Question: What PowerShell regex pattern will return an output like Bash’s string command?
I found an article on gc and Select-String: Episode #137: Free-base64-ing. http://blog.commandlinekungfu.com/2011/03/episode-137-free-base64-ing.html
I tried a number of regex patterns from a previous question: Regular Expression for alphanumeric and underscores. Regular Expression for alphanumeric and underscores
If I run in Bash: strings –all myfile.bin
Results: 52939 lines of character strings.
gc .\myfile.bin | Select-String -AllMatches “^[a-zA-Z0-9_]*$”
Results: a number of blank lines.
gc .\myfile.bin | Select-String -AllMatches “^\w*$”
Results: 9 lines of characters and a number of blank lines.
gc .\myfile.bin | Select-String -AllMatches “^\w*$”
Results: 9 lines of characters.
gc .\myfile.bin | Select-String -AllMatches “[A-Za-z0-9_]”
Results: Pretty much the entire file, unprintable characters and all.
gc .\myfile.bin | Select-String -AllMatches “^[\p{L} \p{Nd}_]+$”
Results: 20 lines of characters.
So what’s the regex trick that I am missing?

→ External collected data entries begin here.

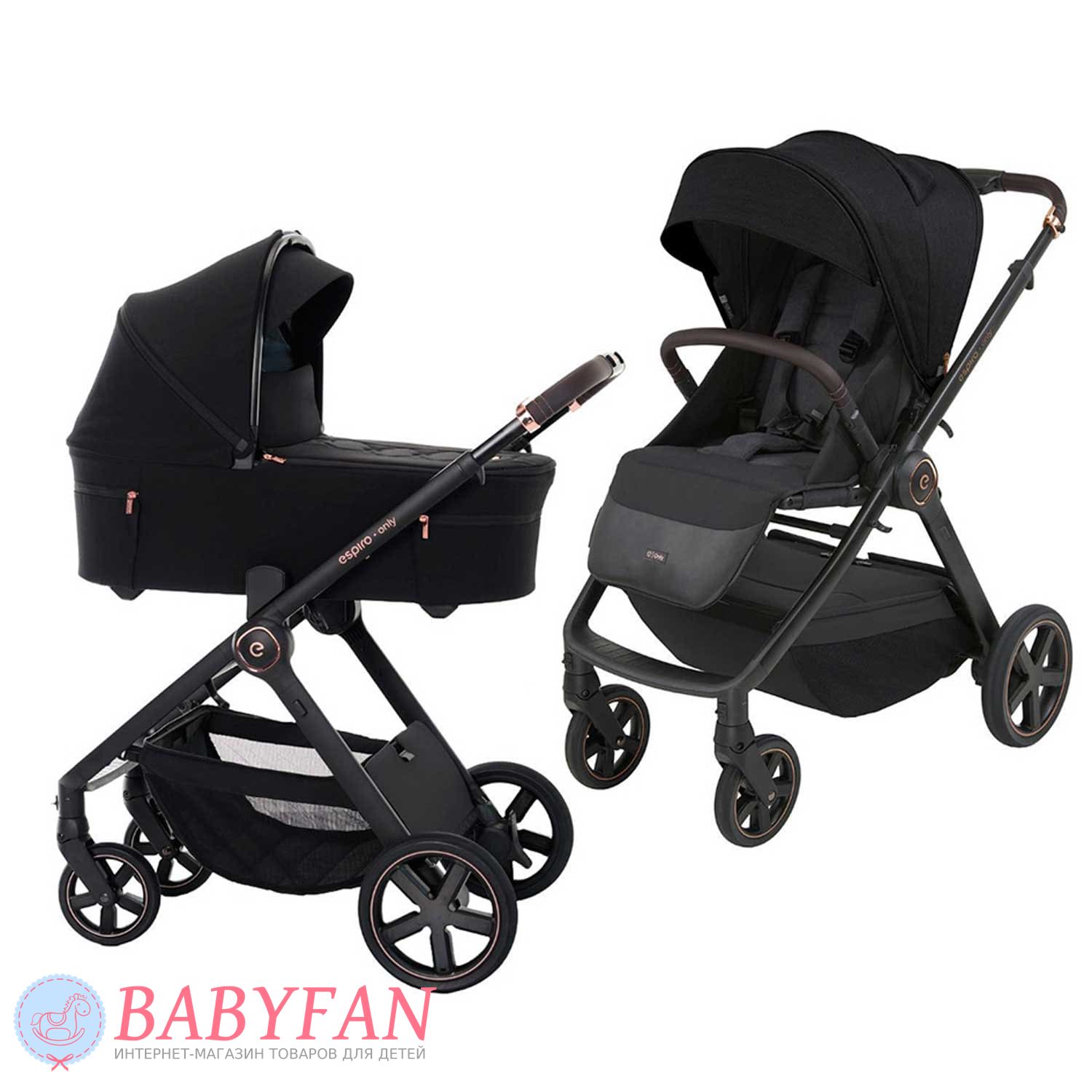 Універсальний візок Espiro Only – модульний візочок 2 в 1 для дітей від народження до 4 років зі складною м'якою люлькою, прогулянковим блоком, що встановлюється «обличчям до мами», алюмінієвим шасі та надувними задніми колесами. Для новонароджених на шасі без адаптерів встановлюється каркасна колиска з твердим дном. Прогулянковий блок із горизонтальним положенням спинки також можна використовувати з народження. Встановлюється в "обличчям до мами" і в бік по ходу руху. Коляска 2 в 1 виготовлена з легких та практичних матеріалів – алюмінієве шасі, текстиль водонепроникний, із захистом від ультрафіолетового випромінювання. Маневрена – повертається однією рукою.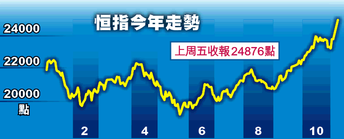 康宏證券及資產管理董事黃敏碩指出,大市上周一口氣逼近二萬五,周初料先行唞唞,但回落幅度不會太大。他預期即使指數回落,中價股份或追落後上升,可留意本地銀行股及半新股。本周G20召開領導人會議,雖然難有突破性發展,但要提防美元借勢反彈,衝擊股市及商品市場。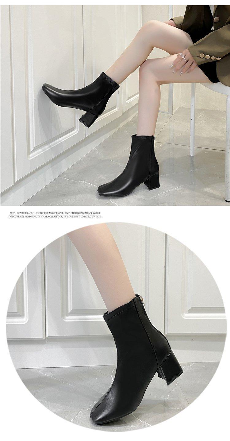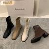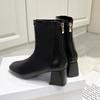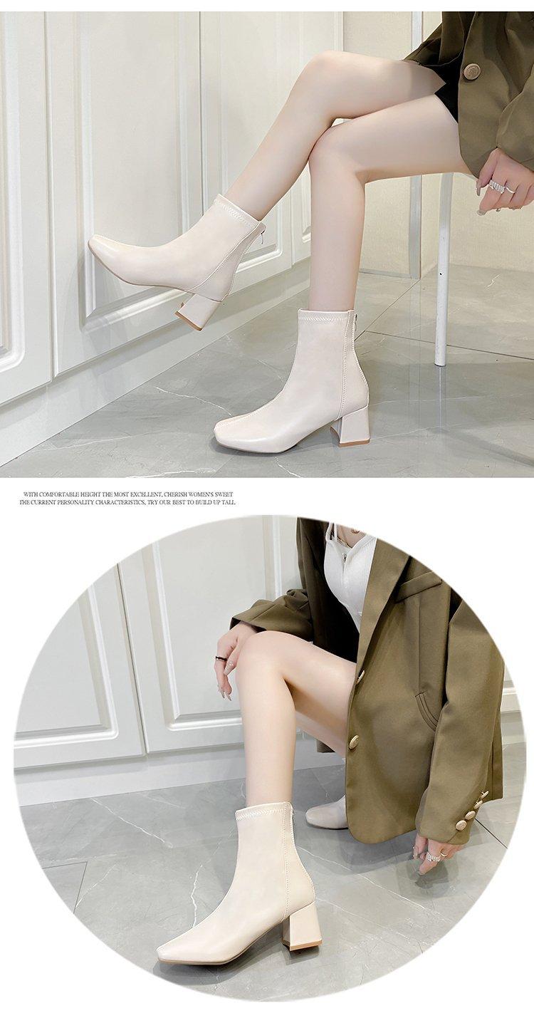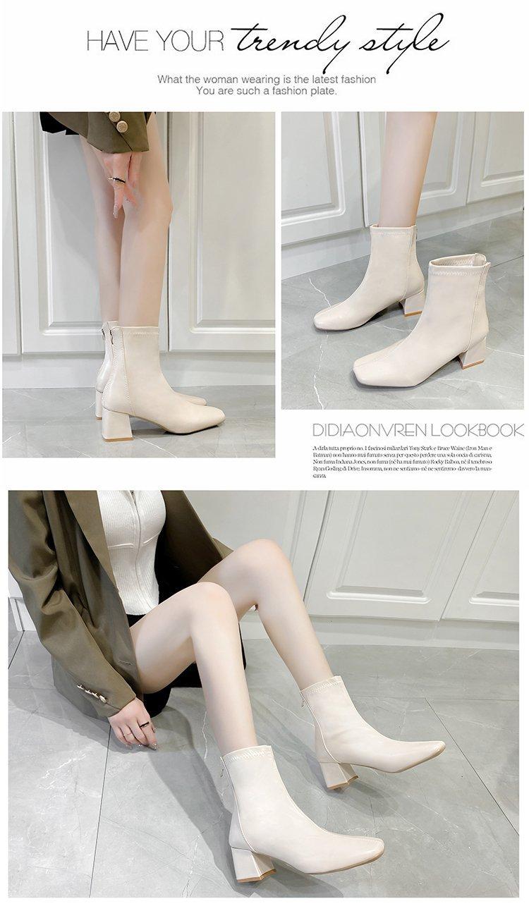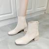 Botas Martin para mujer, otoño e invierno 2023, tacón alto, cremallera trasera, botas cortas finas, zapatos de mujer europeos y americanos de tacón grueso, punta cuadrada blanca alta para mujer

As mentioned, the lack of line breaks will prevent RegEx from working. Microsoft Sysinternals’ strings utility is a good solution.
If you need a native PowerShell solution, ping me. I wrote a Get-Strings cmdlet in C# that does ASCII (UTF8) and Unicode (UTF16) string extraction from binaries. It is not as fast as Sysinternals, but does have the advantage of putting the output into the PowerShell pipeline.